Bollinger Bands are an advanced form of trading band developed by John Bollinger and used by traders worldwide. But, like any other forex indicator, they only provide a framework, NOT absolute BUY and SELL signals. All trading bands exist for a single purpose, to answer the question "Are prices relatively high or low?". That bit of information is incredibly valuable and even more powerful if combined with indicators that depict where the price is in relation to the bands and how wide the bands were, along with supply/demand tools.
The Bollinger Bands are trading bands that focus on volatility. By allowing the movement of prices themselves to set the width of the bands, John Bollinger's Bollinger Bands are able to react quickly to market conditions.

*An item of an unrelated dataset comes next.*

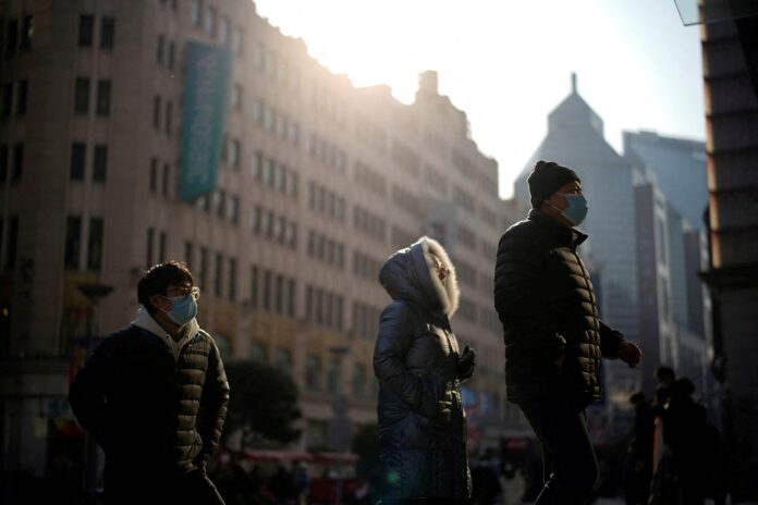 People wearing protective face masks walk on a street in Shanghai December 30, 2021. – Reuters pic

Bollinger Bands (BBs) are a simple yet powerful combination of channels and Moving Averages (MAs). BBs consist of a Simple Moving Average (SMA) surrounded by an upper and lower band plotted by a certain number of standard deviations above and below the SMA. Think of them as flexible channels whose width varies with price volatility. The wider the price swings over the period of the SMA, the wider the channel; the narrower the price range over this period, the narrower the channel.
The default settings on most charting software will be a 20-period SMA with the bands at a distance of two standard deviations (discussed next) from this SMA. The figure below shows what they look like using these “20, 2” default settings.
You can change these settings to suit your needs, and later we’ll look at one useful variation and probably the most accurate forex indicator: Double Bollinger Bands (DBBs). However, the standard settings are popular and are worth watching for the sake of knowing what the herd is seeing as potential s/r from the lower and upper bands.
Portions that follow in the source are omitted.